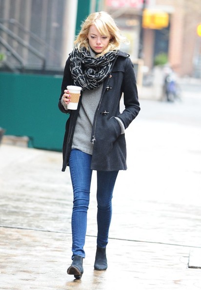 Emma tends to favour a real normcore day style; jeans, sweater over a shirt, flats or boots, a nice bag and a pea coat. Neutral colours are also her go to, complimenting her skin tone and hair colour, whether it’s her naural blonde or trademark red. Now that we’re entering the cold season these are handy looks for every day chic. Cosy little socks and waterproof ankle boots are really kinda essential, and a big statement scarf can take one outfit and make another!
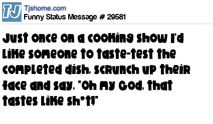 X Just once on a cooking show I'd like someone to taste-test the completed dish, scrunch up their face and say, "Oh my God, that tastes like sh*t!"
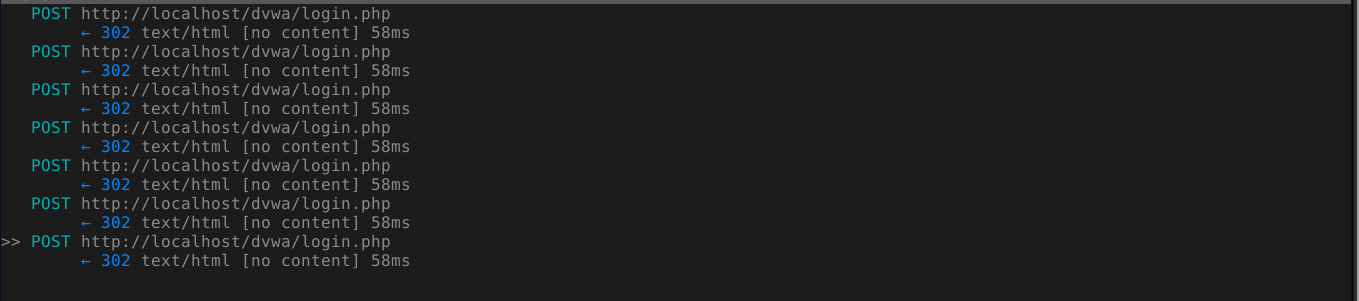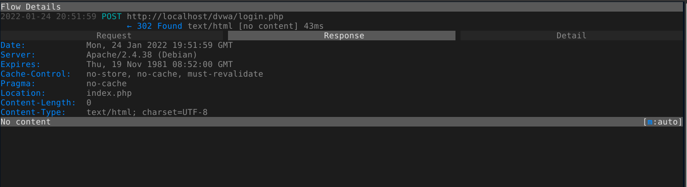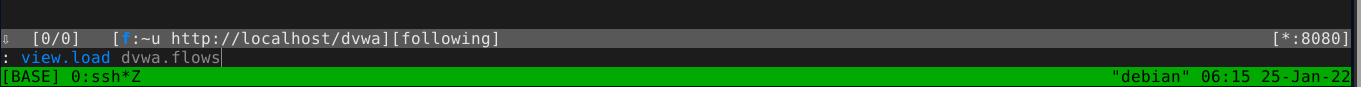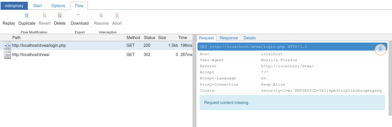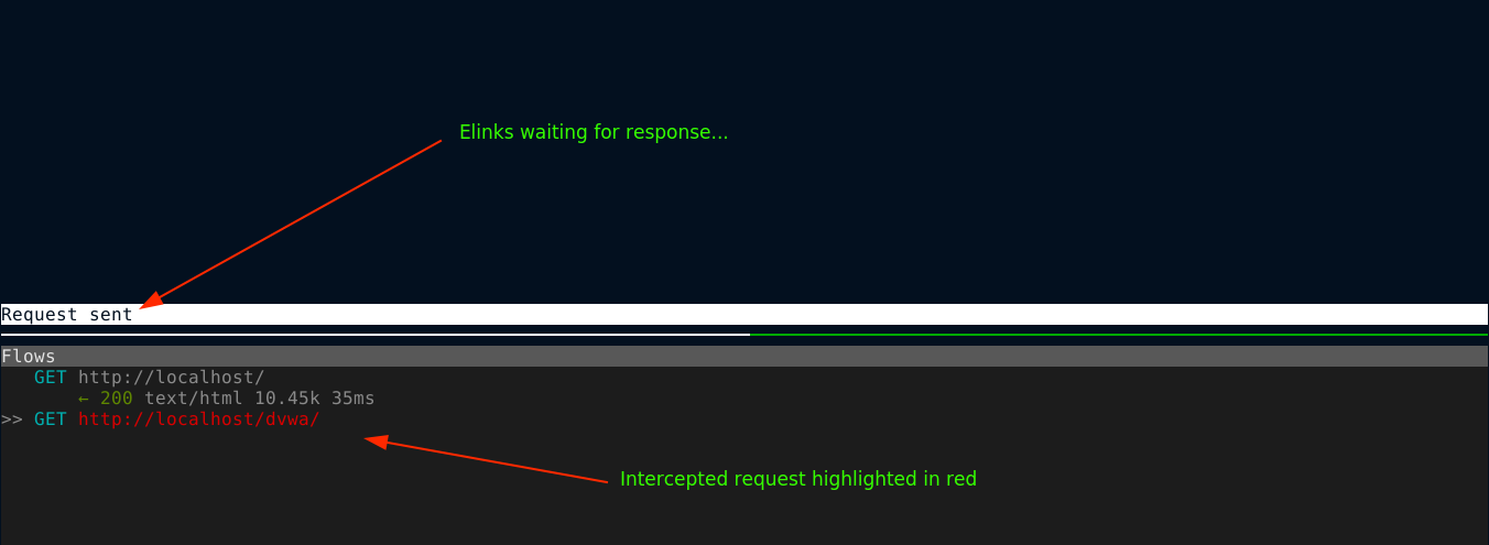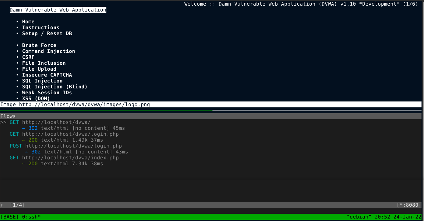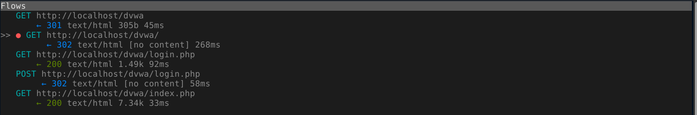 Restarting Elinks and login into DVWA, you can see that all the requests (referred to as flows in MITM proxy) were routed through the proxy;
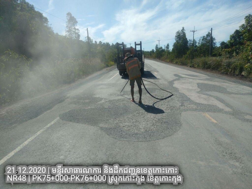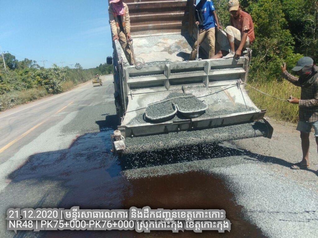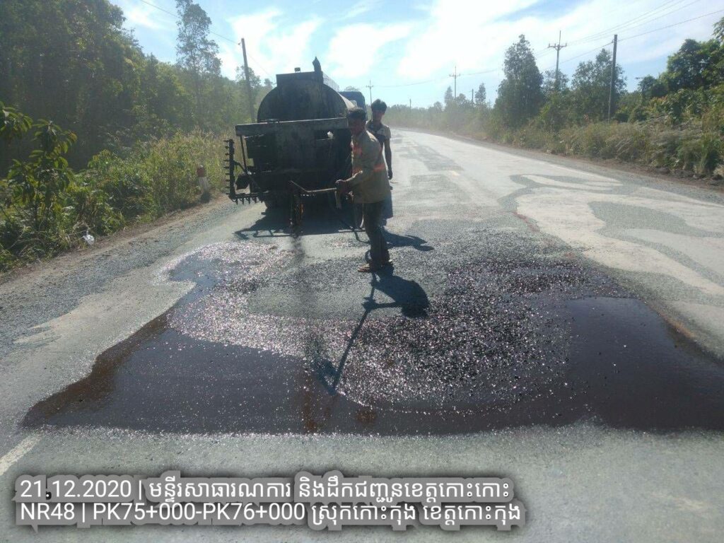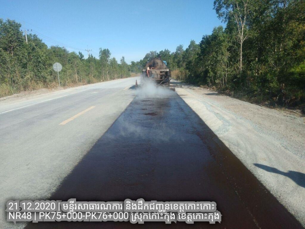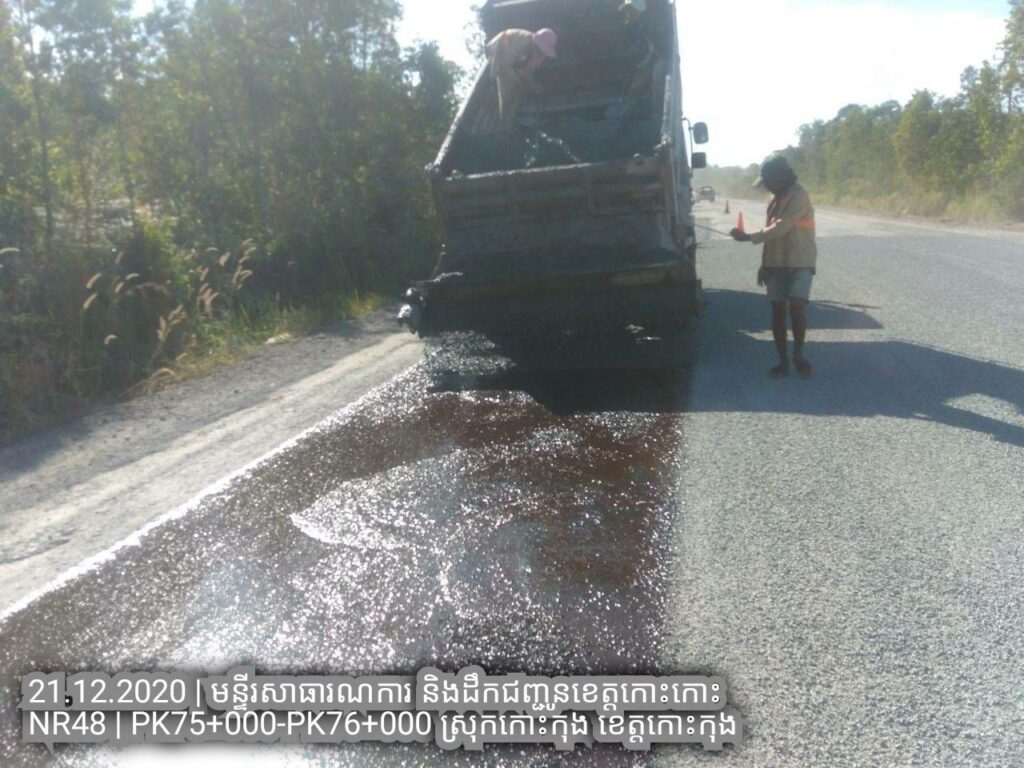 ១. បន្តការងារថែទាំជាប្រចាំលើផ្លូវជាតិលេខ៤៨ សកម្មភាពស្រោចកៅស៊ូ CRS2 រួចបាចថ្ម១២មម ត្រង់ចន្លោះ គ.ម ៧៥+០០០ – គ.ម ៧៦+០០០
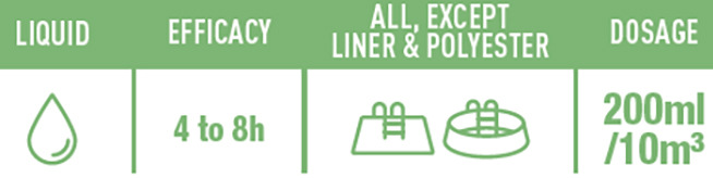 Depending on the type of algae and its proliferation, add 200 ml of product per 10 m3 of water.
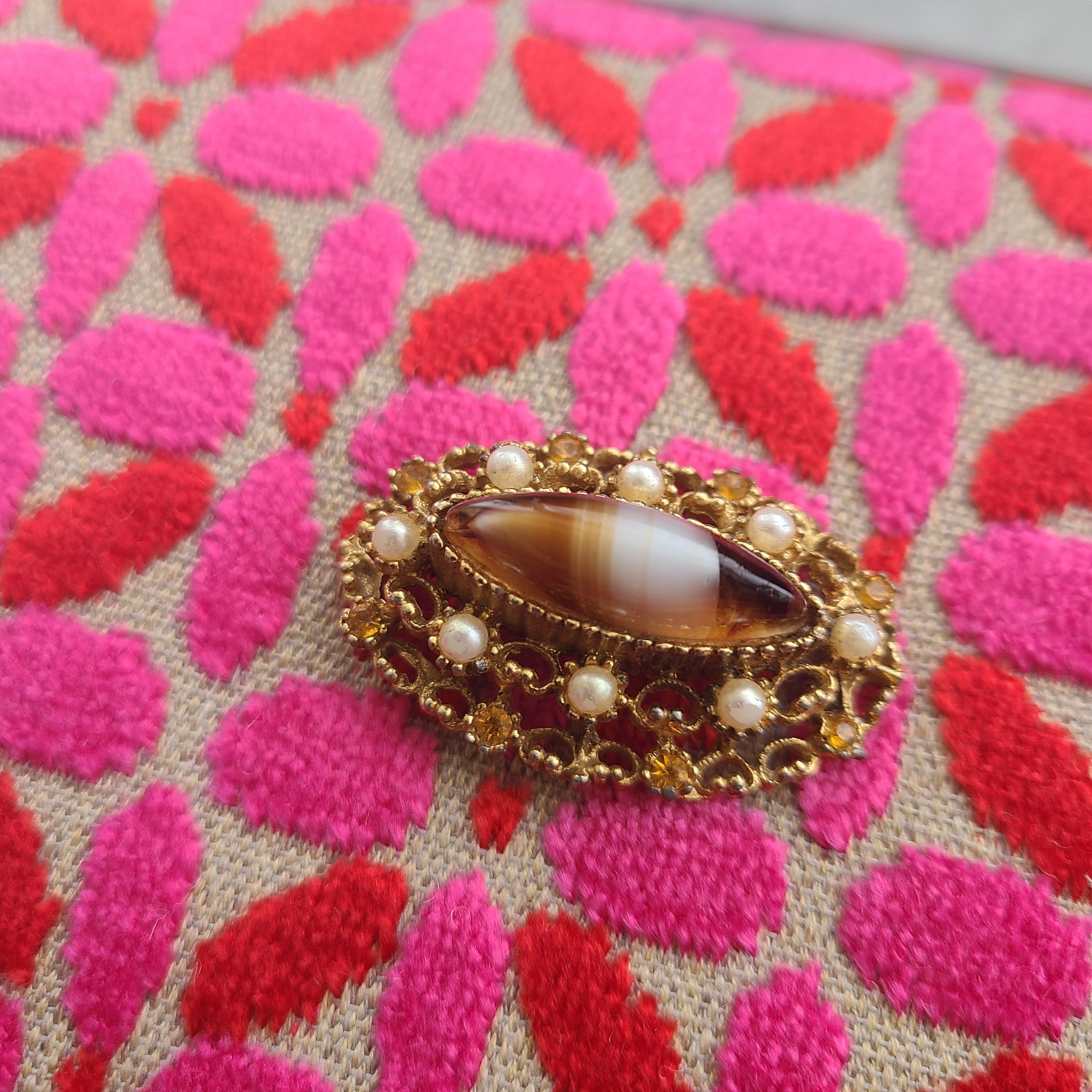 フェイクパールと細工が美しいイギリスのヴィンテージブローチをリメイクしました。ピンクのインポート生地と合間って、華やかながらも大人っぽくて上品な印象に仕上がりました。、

Activity: The copy should hold, exactly, the lines from the one containing "X Just once" to the final line of the listing above, with both ends present and no pictures.

Output for this exercise:
 X Just once on a cooking show I'd like someone to taste-test the completed dish, scrunch up their face and say, "Oh my God, that tastes like sh*t!"
 Restarting Elinks and login into DVWA, you can see that all the requests (referred to as flows in MITM proxy) were routed through the proxy;
 ១. បន្តការងារថែទាំជាប្រចាំលើផ្លូវជាតិលេខ៤៨ សកម្មភាពស្រោចកៅស៊ូ CRS2 រួចបាចថ្ម១២មម ត្រង់ចន្លោះ គ.ម ៧៥+០០០ – គ.ម ៧៦+០០០
 Depending on the type of algae and its proliferation, add 200 ml of product per 10 m3 of water.
 フェイクパールと細工が美しいイギリスのヴィンテージブローチをリメイクしました。ピンクのインポート生地と合間って、華やかながらも大人っぽくて上品な印象に仕上がりました。、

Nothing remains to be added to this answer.